3) Process Oriented Approach
In this approach, the ES is integrated in to Nestlé process by process. All the functions which are used by a process are switched over at the same time. ‘Critical Success Factors’ are used to evaluate which processes are given priority (Lau, 2004). Nestle which has many cross functional processes can effectively implement the ES using process oriented approach.

Managing Implementation
While implementing the ES, care should be taken to focus on people as well as the technical aspects. The ERP System will compel the employees of Nestlé to change their work culture by forcing them to collaborate with various departments, obtain new skill sets and take on new responsibilities (Shanks, Seddon, & Willcocks 2003). E.g.: New reporting procedures & protocols


implemented by the ES. This will lead to insecurity, hesitation and fear in some employees which will reflect as ‘resistance to change’. It would be helpful to identify these changes early so that specific training can be given to employees. It is suggested by Davenport (2000) that it might be worth investing in a ‘Performance Support System’ which will give employees training as they need it. It is also noted that implementation of an ES is a never ending process. Eventualities like new versions of software and training of new employees will always happen. Due to this, Davenport suggests that a permanent team must be employed to manage the ERP System.

Managing Change
Change management is one of the most crucial tasks Nestlé should engage in if it intends to successfully implement the ERP System. It is a continuing process required throughout ERP implementation. Change management include understanding the implementation objectives, identifying potential problems E.g.: employee readiness and developing strategies to counter it (Cameron & Green 2004). Employees should be made aware that for all the technical marvel of an ERP System, post- implementation business should be customer oriented. Nestlé should understand why its employees resist change. Normally the reasons are lack of understanding of the new system, lack of motivation and finally the lack of ability. Before implementing the change management, Nestlé should check its communication strategy; perform an impact analysis & a skills analysis. According to John Kotter (1996) the main stages of initiating change management are Understanding the business pressure, Using a skilled team as a ground breaker, Create a clear vision and strategy, Communicating this vision and strategy, Strengthen ES implementation plan, Formulate short term implementation aims, and finally use those short term aims as guidance and execute a new ERP approach.

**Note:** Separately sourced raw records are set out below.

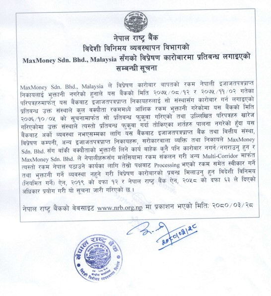 सोही कारण अर्को व्यवस्था नभएसम्मका लागि राष्ट्र बैंकबाट इजाजतपत्र प्राप्त बैंक तथा वित्तीय संस्था, विप्रेषण कम्पनी, अन्य इजाजतपत्र प्राप्त निकायहरू, सरोकारवाला व्यक्ति तथा निकायले म्याक्स मनीसँग बाँकी वक्यौताको भुक्तानी लिने बाहेक कुनै पनि कारोबार नगर्न निर्देशन दिएको सूचनामा उल्लेख छ।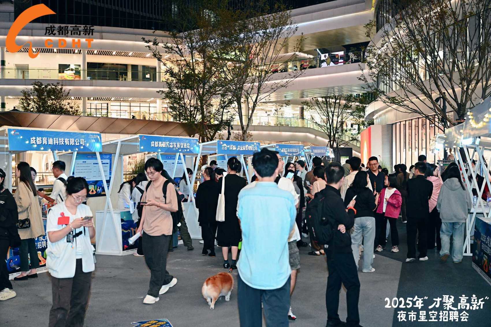 此次招聘会锚定青年群体夜间出行与社交习惯,通过功能分区构建全链条服务体系。在“心动Offer区”,成都高新区电子信息、数字经济、数字文创等重点领域的优质企业,带来超200个岗位,涉及电子工程、软件开发、动画设计等方向;“求职充电区”设 “金熊猫”人才通宣传服务点,提供简历优化、面试培训、简历打印等一站式服务;“活力体验区”则以智慧体育挑战、自行车试骑、糖画制作等趣味项目,搭配咖啡、阅读商户体验,营造轻松氛围。此外,现场还推出“才聚高新”主题荧光手环,求职者凭手环可享园区商户专属优惠。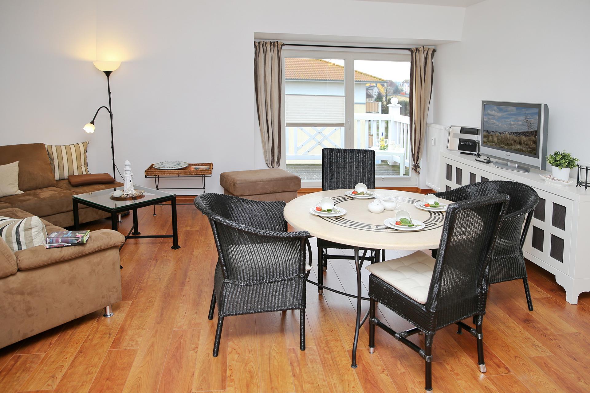Der Wohnbereich bietet eine Sitzgruppe mit Couch, TV und Stereoanlage sowie den Essbereich.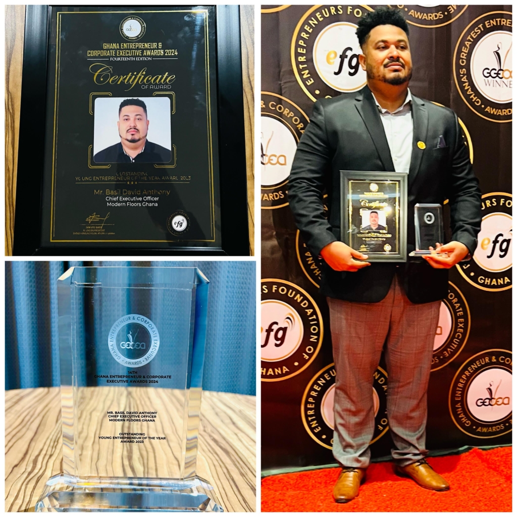 The Chief Executive Officer of Modern Floors Ghana has been honoured with the ‘Outstanding Young Entrepreneur of the Year’ Award 2023 at the fourteenth edition of the Ghana Entrepreneurs and Corporate Executives Award Gala Dinner, held on Saturday, March 16, 2024, at the Movenpick Ambassador Hotel.

Business Process Re-Engineering:
BPR approach tries to use a "clean slate" perspective and determine how a company can best reconstruct their processes to improve their business. As Nestlé is undergoing a change management process, it might be good time to apply BPR which will help to reinvigorate the company

Recommendations & Conclusion
Proper implementation of an ES will aid Nestlé to maintain & possibly increase its competitive-edge in our increasingly competitive world. But it should be understood that a failure will cost the company dear. ES is a complex system which necessitates a deep understanding and careful analysis to execute. ERP System will help the company to improve its information & knowledge management procedures and will make better use of the same. It will also guarantee that the present and future higher level information needs are taken care of. Nestlé is advised to do feasibility checks on the project. Nestlé can use a variety of implementation methodologies from which the Process Oriented Approach is recommended by the report. A successful implementation of an ERP System will depend on a complementing change management strategy. Change management is required to prepare the existing human resources and infrastructure to match ERP system requirements. It is imperative that Nestlé realise


this and initiate a clear strategy from the very beginning. This might include training, counselling and communicating about the ES. Nestlé should realise that a perfect synergy of its people and systems should be the ultimate implementing goal of such a system, which in turn will facilitate better customer service.